Creating the index in the local file system is not a solution for the particular situation as the index should be synchronized and shared by every node. One solution is clustering the JVM while using a Lucene RAMDirectory (keep in mind it disappears after a node failure) instead of a FSDirectory. Terracotta framework can be used to cluster the JVM. This blog entry shows a code snippet.

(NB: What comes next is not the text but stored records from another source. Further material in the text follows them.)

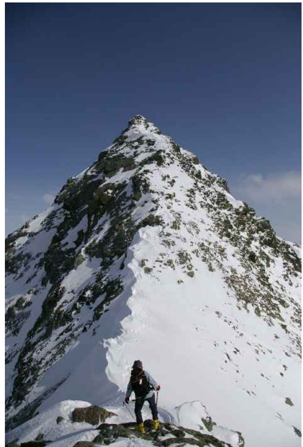
La cresta finale dal passo a quota 2900.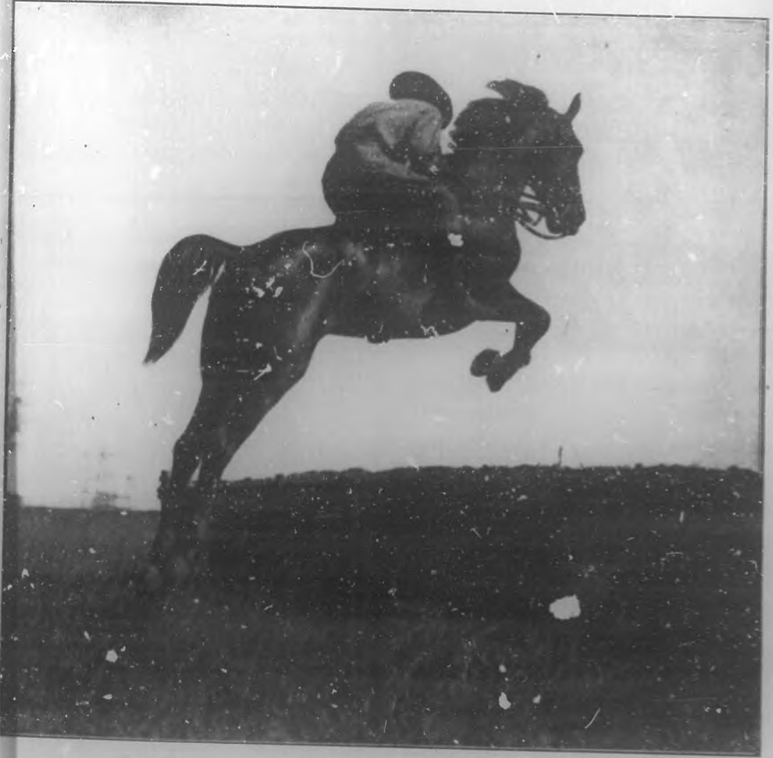
EL SALTO DE LA BANQUETA

En la hermosa fiesta celebrada en Columbia con motivo de la repartición de premios a los alumnos de la Escuela de Aplicación se realizaron arriesgados y brillantes ejercicios que fueron muy del agrado de la concurrencia que asistió al acto. Entre esos ejercicios figuró el del "salto de la banqueta", que es el que reproduce fielmente el grabado que aparece en esta plana. Los demás números fueron también muy aplaudidos y celebrados por la concurrencia, entre la que se destacaban el Hon. Presidente de la República, Sr. Alfredo Zayas, el Secretario de Guerra y Marina, Gral. Arnando Montes; el Secretario de Justicia, Dr. Erasmos Regleiferos; el Jefe del Estado Mayor del Ejército, Gral. Alberto Herrera, y una selecta representación de todas nuestras clases sociales. La fiesta obtuvo un éxito brillante y rotundo del que pueden sentirse muy satisfechos los profesores y alumnos de la Escuela de Aplicación.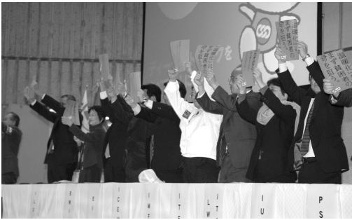
集会最後に行った「スタンドアップ」世界同時イベント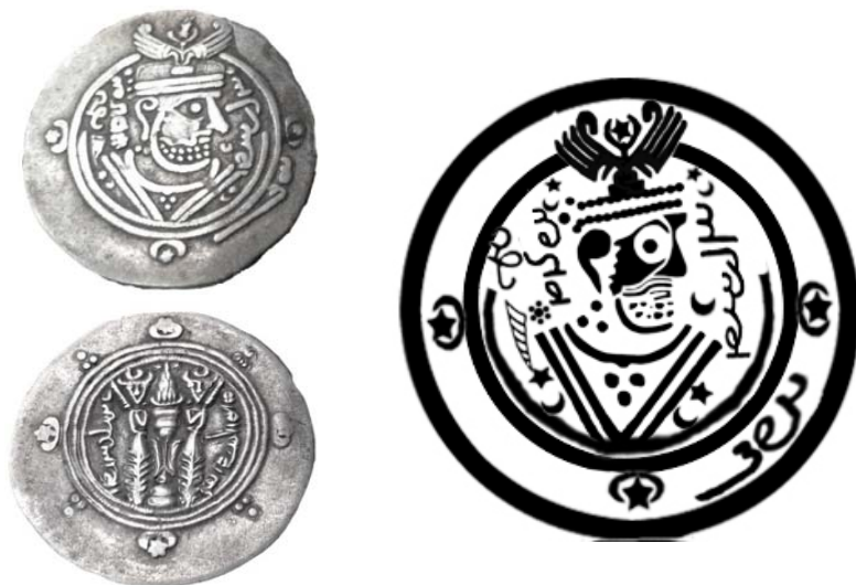
تصویر ۳. طرح و تصویر سکه خورشید، موزه بابل، ۶۴۲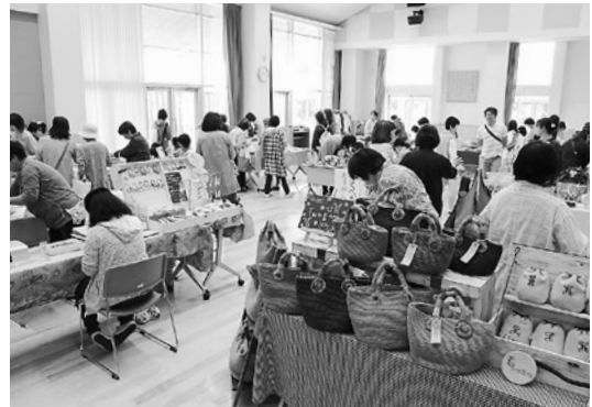
▲たくさんのブースが並び、多くの来場者でにぎわう町民ホール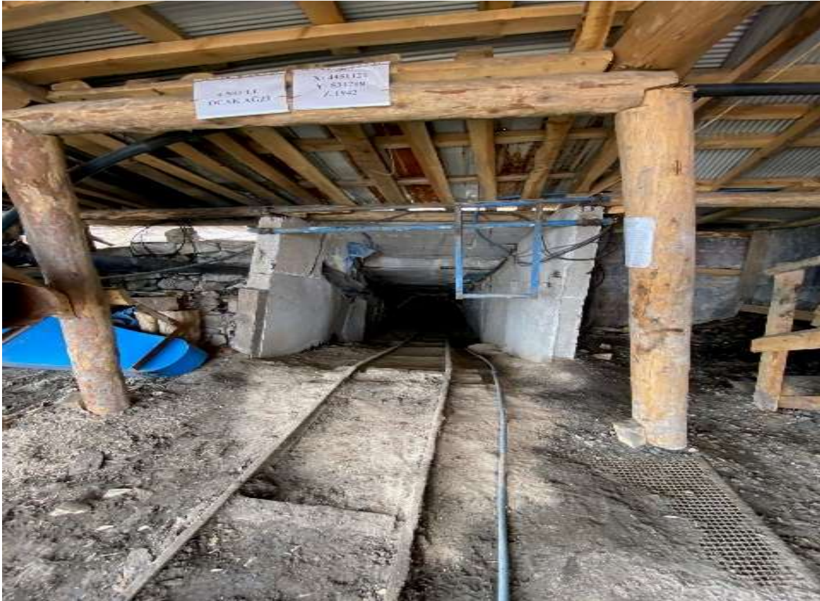
Kelkit – Gümüşgöze Beldesi – Kömür(linyit) Maden Sahası – Kırma Eleme Ünitesi ve Galeri Girişi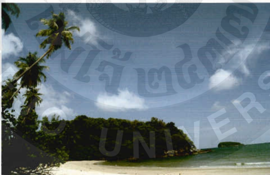
ทัศนียภาพอ่าวหลักกำ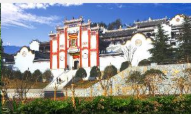
บ้านเกิดชวีหยวน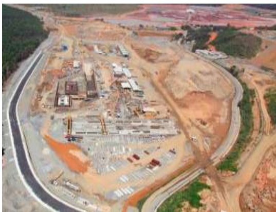
2) Pátio de estocagem 06

progresso nas obras de sinalização e iluminação da estrada que contorna o Pátio 06. Esse trecho rodoviário, que no futuro, substituirá a atual estrada Joaquim Fernandes, garantido melhores condições de acesso à comunidade da Ilha da Madeira.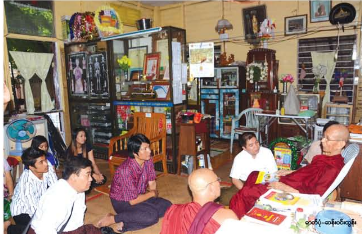
နိုင်ငံတော်ဩဝါဒါစရိယ အဘိဇေမဟာရဋ္ဌဂုရု မြဲတောင်တိုက် ရွှေဝါဝင်းကျောင်းဆရာတော်ဘုရားကြီးထံမှ မြန်မာသံတော်ဆင့် အယ်ဒီတာအဖွဲ့နှင့် စီမံရေးရာတာဝန်ရှိသူများ ဩဝါဒခံယူနေကြစဉ်။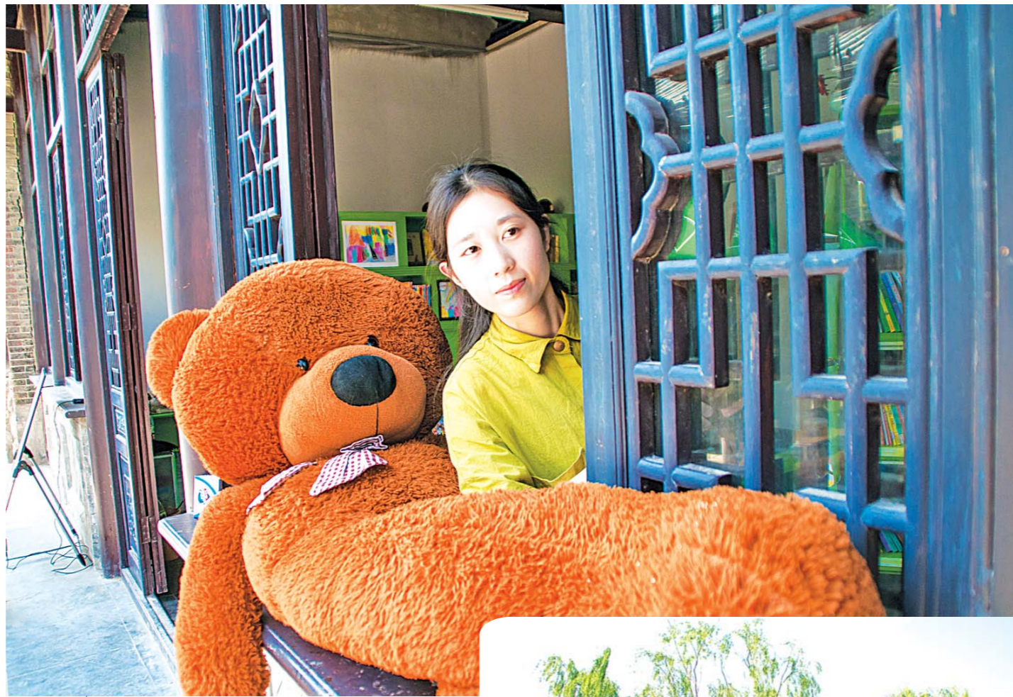
□马桂路 报道 装扮一新的店铺待客来。

这老城区内，藏“宝”更是不少。自2014年的10月1日开始，在明府城保护与改造现场办公室等单位共同发起了“再现明府城”征集老物件、老照片活动，一年多来所收集到的数千件老物件、老照片，分别从不同侧面展示着济南这座古城的过往。展示活动期间，人们更可以透过这些珍贵的历史文物和史料，解读它们背后的故事与情怀——其中，有清代御书正大光明匾，据传原悬巡抚大堂，系道光十四年春立，应为临攀顺治御书，1928年日本攻占济南后，流落京津数十载，后人几经查询考证，终觅得并带回济南；光绪20年山东布政使司执照、国子监执照、户部执照，出自济南府章丘王姓家族，品相完好，要件齐全（含信封），目前在国内外所见甚少，是一件非常珍贵的文物史料收藏品，对于研究清代教育、官员任命、捐例等具有重要参考价值；后宰门太和阁碑，原为济南太和阁药店的广告碑，碑文为楷书，约有170字，刻于乾隆四十八年（1783年），原立于后宰门街5号墙体，县西巷拆迁改造时流失，几经辗转流离，后被市民妥善收藏，该碑记载了太和阁药店在开办过程中每逢初一、十五半价售药的原委，是迄今所发现的济南最早的医药广告碑，是关于清代济南商业活动的实物证据；英国“谋得利”老钢琴，系民国初年，上海一富家女嫁到济南的陪嫁，该琴由中国第一家钢琴制造工厂“谋得利上海钢琴有限公司”制造，如今，尽管外形因年代久远而有些破损，但在声音的悦耳和弹奏上至今仍未逊于当下的钢琴；还有齐鲁第一落地钟，重锤工艺，高2.7米，德国制作，来自德华银行，中西合璧，至今计时准确，见证济南近现代百年岁月；还有济南最早的冰箱，最早的保险柜、第一张明信片（1903年）、最早的航拍

Anyway I thought not to go that far and decided to create the index in the database so that it can be shared by everyone. Lucence contains the JdbcDirectory interface for this purpose. However the implementation of this interface is not shipped with Lucene itself. I found a third party implementation of that. Compass project provides the implementation of JdbcDirectory. (No need to worry about compass configurations etc. JdbcDirectory can be used with pure Lucene without bothering about Compass Lucene stuff).

Here is a simple example
//you need to include lucene and jdbc jars 
import org.apache.lucene.store.jdbc.JdbcDirectory;

import org.apache.lucene.store.jdbc.dialect.MySQLDialect;

import com.mysql.jdbc.jdbc2.optional.MysqlDataSource;
.
//code snippet to create index
MysqlDataSource dataSource = new MysqlDataSource();

dataSource.setUser("root");

dataSource.setPassword("password");

dataSource.setDatabaseName("test");

dataSource.setEmulateLocators(true); //This is important because we are dealing with a blob type data field

JdbcDirectory jdbcDir = new JdbcDirectory(dataSource, new MySQLDialect(), "indexTable");

jdbcDir.create(); // creates the indexTable in the DB (test). No need to create it manually
.

//code snippet for indexing
StandardAnalyzer analyzer = new StandardAnalyzer();

IndexWriter writer = new IndexWriter(jdbcDir, analyzer, true);

indexDocs(writer, dataSource.getConnection());

System.out.println("Optimizing...");

writer.optimize();

writer.close();


static void indexDocs(IndexWriter writer, Connection conn)
throws Exception {
    String sql = "select id, name, color from pet";
    Statement stmt = conn.createStatement();
    ResultSet rs = stmt.executeQuery(sql);

    while (rs.next()) {
        Document d = new Document();
        d.add(new Field("id", rs.getString("id"), Field.Store.YES, Field.Index.NO));
        d.add(new Field("name", rs.getString("name"), Field.Store.YES, Field.Index.TOKENIZED));
        d.add(new Field("color", rs.getString("color"), Field.Store.YES,  Field.Index.TOKENIZED));
        writer.addDocument(d);
    }
}

This is the indexing part. Searching part is same as the one in my previous post.

65 comments:

  1. Hi Kalani,
    This is an interesting post. Its great that we can directly write indexes into a database. I was doing it in a different way though. I create multimedia desktop applications using Adobe Flex and AIR. Flex/AIR supports SQLite database. So, for search, we index the content, read and write into a My SQL DB. Export MySQL db, and make SQLite DB in commandline. This SQLite DB is used to search from the flash/flex/AIR application. The search code is written by me. I didnt follow Lucene logic for search. I have only implemented single term, AND, OR and NOT searches. Am I doing something really wrong, or is it a long way to come to the result. How can I get the logic to build search code in Actionscript, which can support all the search methods which Lucene supports? I have been using this for quiet a long time, but not a Lucene expert. Can these be done?

    ReplyDelete
  2. Hi
    Very interesting. Are there any comparisons about the performance between a jdbc index and a normal file index.

    ReplyDelete
  3. Performance is not comparable. Here the advantage is that you can have fulltext search in a CD or desktop application without having any server installed.

    ReplyDelete
  4. Hi Vipin,
    is there any possibility to deal with a RAMDirectory(which keeps the index in the memory)? I mean if you can, then you can only use the MySql DB and RAMDirectory.You can periodically flush the updates in the RAMDirectory to MySql DB(to avoid losses in failures). When you start the app you should load the index to memory. I guess then you will be able to directly deal with the index in the RAM with pure Lucene logics for search.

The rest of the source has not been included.